__What you will do__:
Using the entries below, copy exactly each line from the line with "The butterfly extension" up to and including the line with "Carburador 19550.174 para", with every picture left out.

__Provided information__:
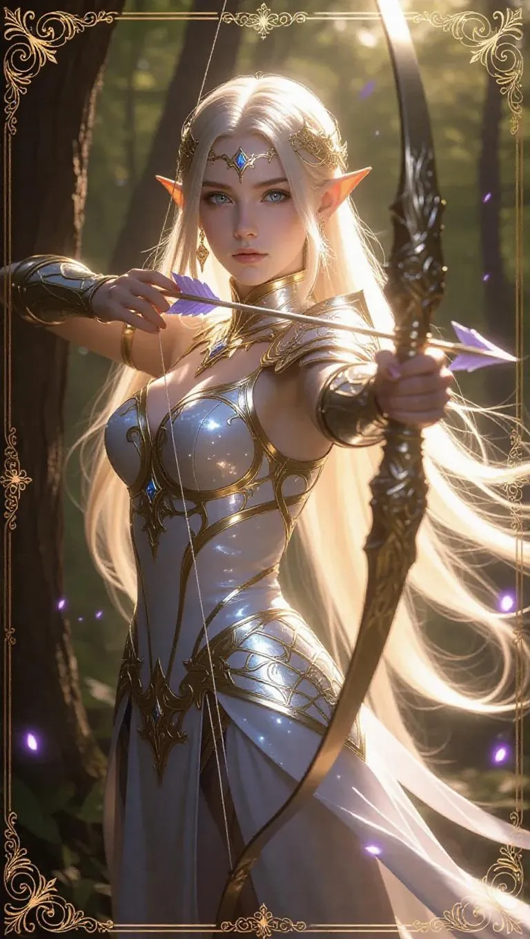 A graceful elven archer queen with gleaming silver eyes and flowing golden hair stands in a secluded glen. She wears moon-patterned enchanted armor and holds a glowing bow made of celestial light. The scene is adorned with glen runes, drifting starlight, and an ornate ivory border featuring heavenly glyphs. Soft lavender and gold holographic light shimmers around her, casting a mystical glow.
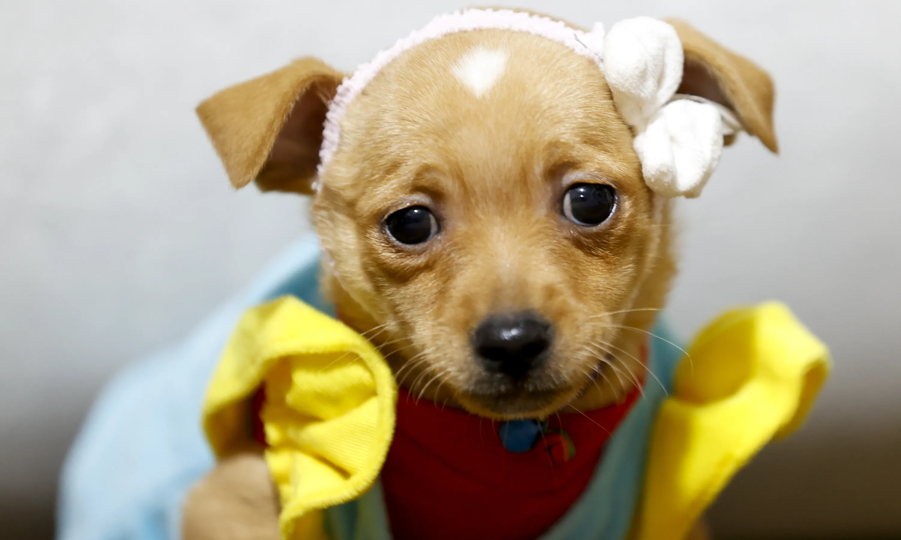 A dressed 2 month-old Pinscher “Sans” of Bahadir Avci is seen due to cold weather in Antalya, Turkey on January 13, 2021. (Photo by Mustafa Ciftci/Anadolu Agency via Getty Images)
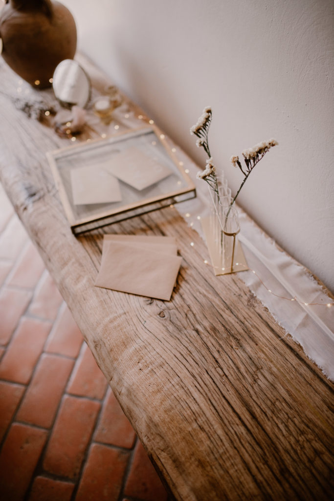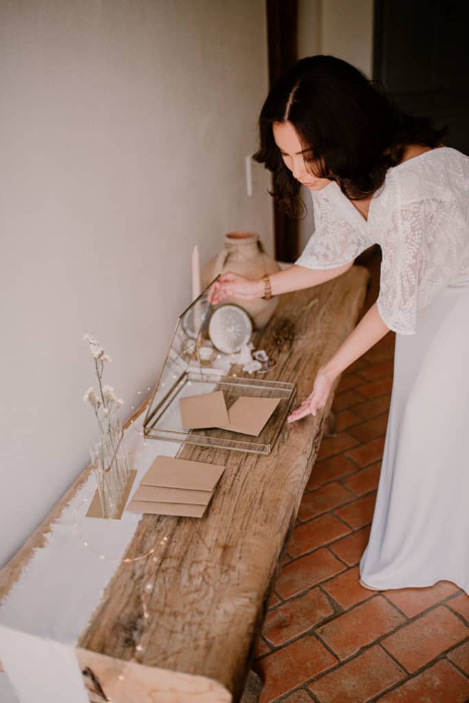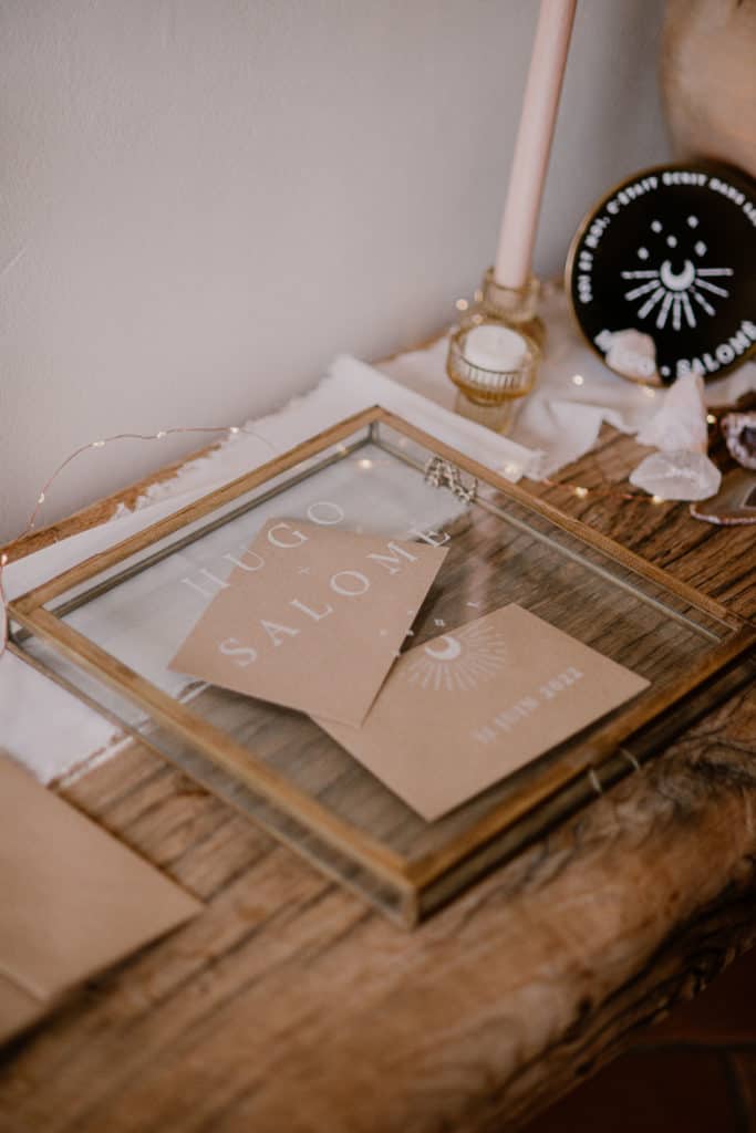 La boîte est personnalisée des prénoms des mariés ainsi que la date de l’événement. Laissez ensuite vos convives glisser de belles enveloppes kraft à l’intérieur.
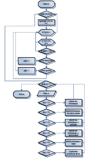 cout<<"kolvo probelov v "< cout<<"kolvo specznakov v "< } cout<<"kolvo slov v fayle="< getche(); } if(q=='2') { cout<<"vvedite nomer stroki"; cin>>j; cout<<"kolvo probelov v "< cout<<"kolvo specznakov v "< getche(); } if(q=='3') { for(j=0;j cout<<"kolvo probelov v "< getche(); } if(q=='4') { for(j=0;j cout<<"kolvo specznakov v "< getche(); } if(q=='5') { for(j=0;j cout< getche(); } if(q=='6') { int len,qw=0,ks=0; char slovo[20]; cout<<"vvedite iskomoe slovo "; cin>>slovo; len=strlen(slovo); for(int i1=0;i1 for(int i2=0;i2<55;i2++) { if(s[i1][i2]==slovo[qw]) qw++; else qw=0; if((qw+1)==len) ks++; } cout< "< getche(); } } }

...

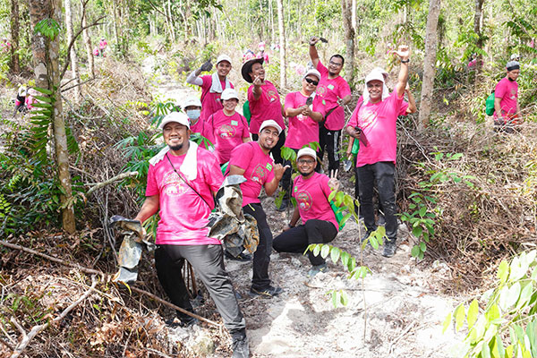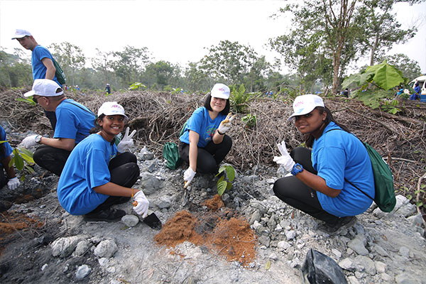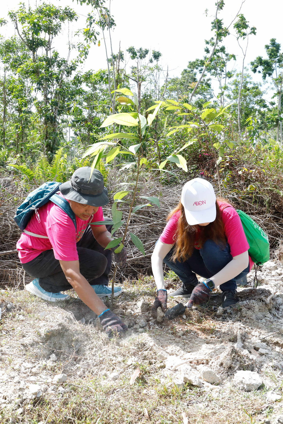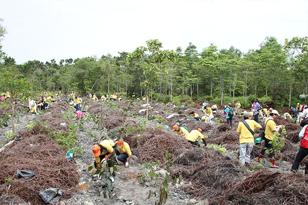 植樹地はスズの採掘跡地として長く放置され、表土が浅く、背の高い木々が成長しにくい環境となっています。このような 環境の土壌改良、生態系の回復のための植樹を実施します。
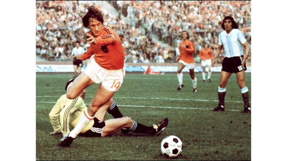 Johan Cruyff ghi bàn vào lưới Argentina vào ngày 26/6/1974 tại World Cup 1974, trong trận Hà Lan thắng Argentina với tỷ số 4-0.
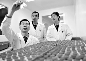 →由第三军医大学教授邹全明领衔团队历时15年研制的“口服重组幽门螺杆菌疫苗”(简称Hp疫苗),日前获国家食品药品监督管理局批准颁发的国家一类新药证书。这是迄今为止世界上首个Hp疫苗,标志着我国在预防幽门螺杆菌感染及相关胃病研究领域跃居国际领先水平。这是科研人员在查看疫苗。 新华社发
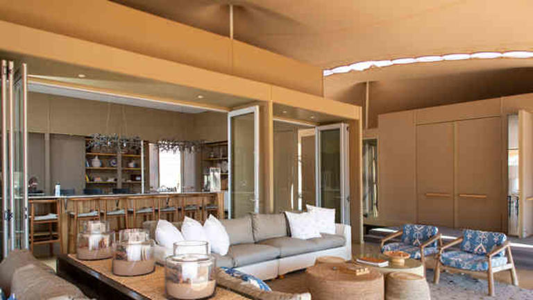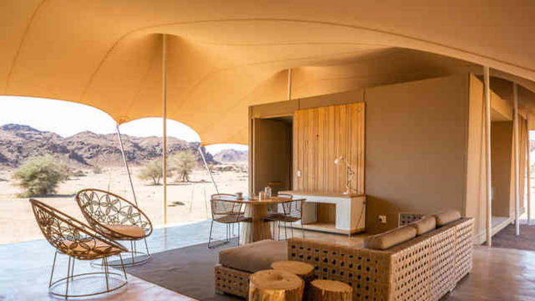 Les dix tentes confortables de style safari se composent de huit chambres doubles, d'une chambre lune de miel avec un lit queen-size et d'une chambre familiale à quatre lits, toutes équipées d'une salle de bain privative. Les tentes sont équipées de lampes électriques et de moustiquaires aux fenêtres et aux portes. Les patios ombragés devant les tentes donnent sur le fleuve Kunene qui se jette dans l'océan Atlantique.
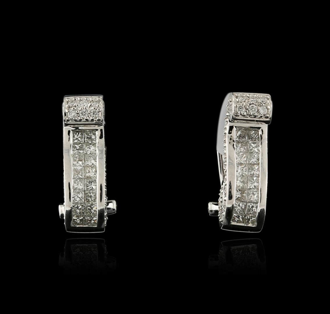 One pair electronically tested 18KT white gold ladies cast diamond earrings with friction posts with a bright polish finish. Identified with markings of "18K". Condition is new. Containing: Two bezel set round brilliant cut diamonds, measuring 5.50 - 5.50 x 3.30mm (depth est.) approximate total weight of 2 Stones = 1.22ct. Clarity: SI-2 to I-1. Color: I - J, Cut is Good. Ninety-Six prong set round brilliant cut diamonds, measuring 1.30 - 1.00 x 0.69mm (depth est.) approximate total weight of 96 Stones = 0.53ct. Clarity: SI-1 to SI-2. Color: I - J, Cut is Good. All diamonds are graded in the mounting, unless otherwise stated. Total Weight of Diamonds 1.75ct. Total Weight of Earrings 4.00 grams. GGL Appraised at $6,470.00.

...

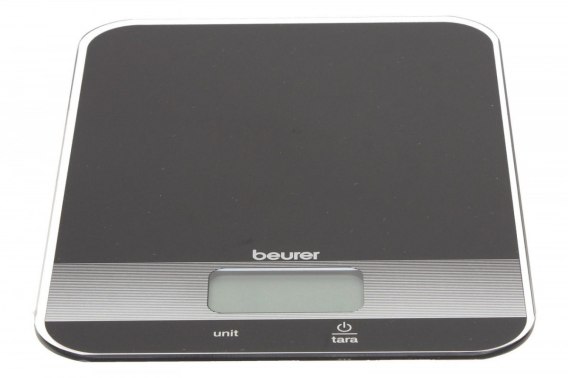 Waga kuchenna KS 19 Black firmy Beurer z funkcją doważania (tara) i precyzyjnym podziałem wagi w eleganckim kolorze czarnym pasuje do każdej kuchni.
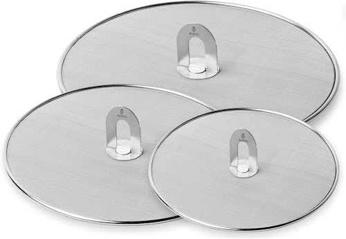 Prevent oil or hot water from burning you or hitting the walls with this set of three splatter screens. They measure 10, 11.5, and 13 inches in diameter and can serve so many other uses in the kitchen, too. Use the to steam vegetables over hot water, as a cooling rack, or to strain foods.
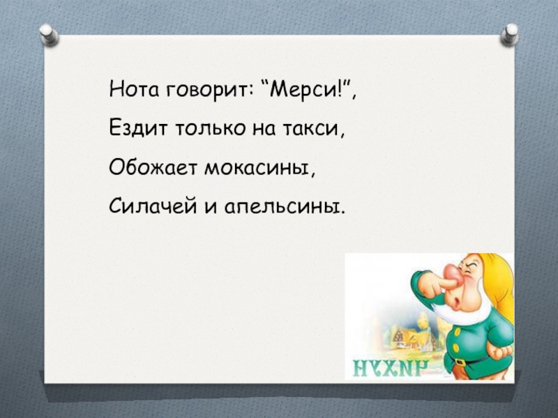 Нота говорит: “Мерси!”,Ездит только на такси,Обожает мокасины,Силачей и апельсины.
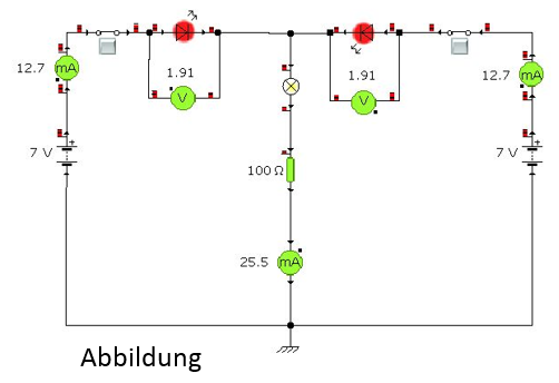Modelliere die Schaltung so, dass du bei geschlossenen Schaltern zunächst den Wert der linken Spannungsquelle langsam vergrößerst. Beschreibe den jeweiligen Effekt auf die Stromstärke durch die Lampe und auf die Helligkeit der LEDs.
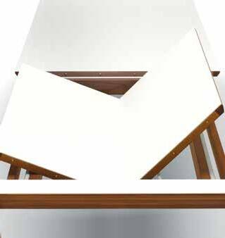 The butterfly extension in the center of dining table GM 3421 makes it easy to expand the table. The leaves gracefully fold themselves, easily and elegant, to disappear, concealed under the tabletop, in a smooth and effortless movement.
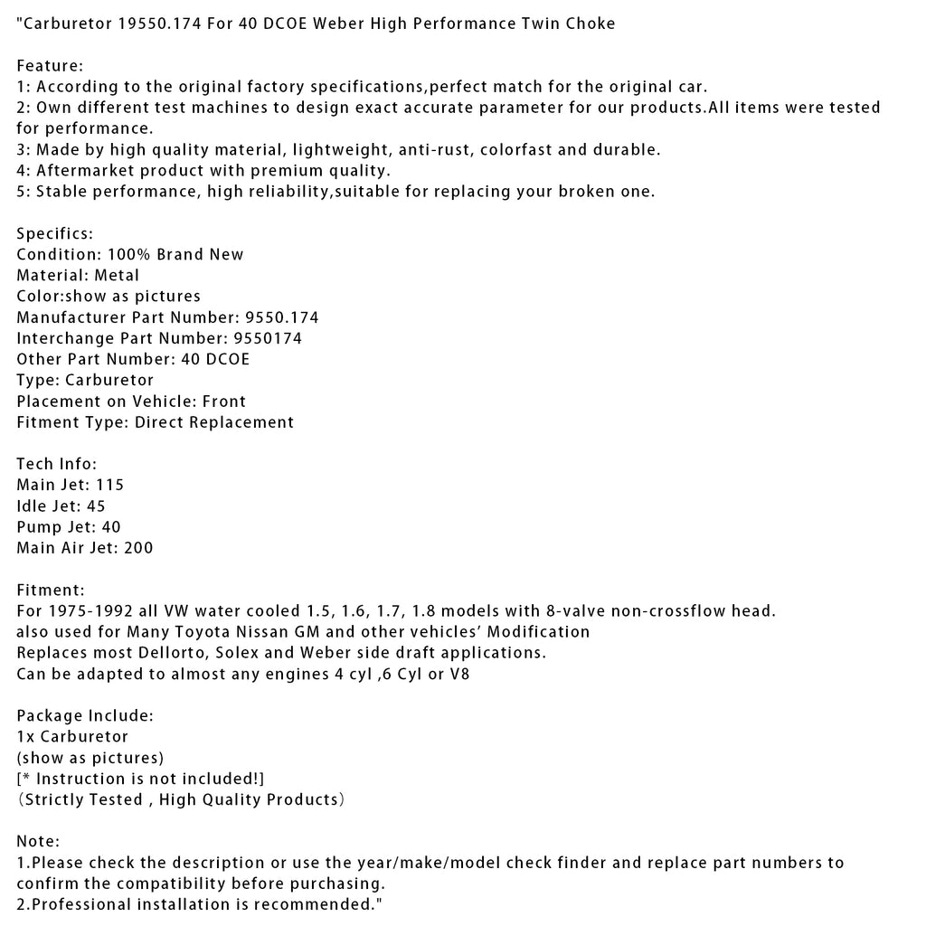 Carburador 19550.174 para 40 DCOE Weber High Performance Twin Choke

__Exercise solution__:
 The butterfly extension in the center of dining table GM 3421 makes it easy to expand the table. The leaves gracefully fold themselves, easily and elegant, to disappear, concealed under the tabletop, in a smooth and effortless movement.
 Carburador 19550.174 para 40 DCOE Weber High Performance Twin Choke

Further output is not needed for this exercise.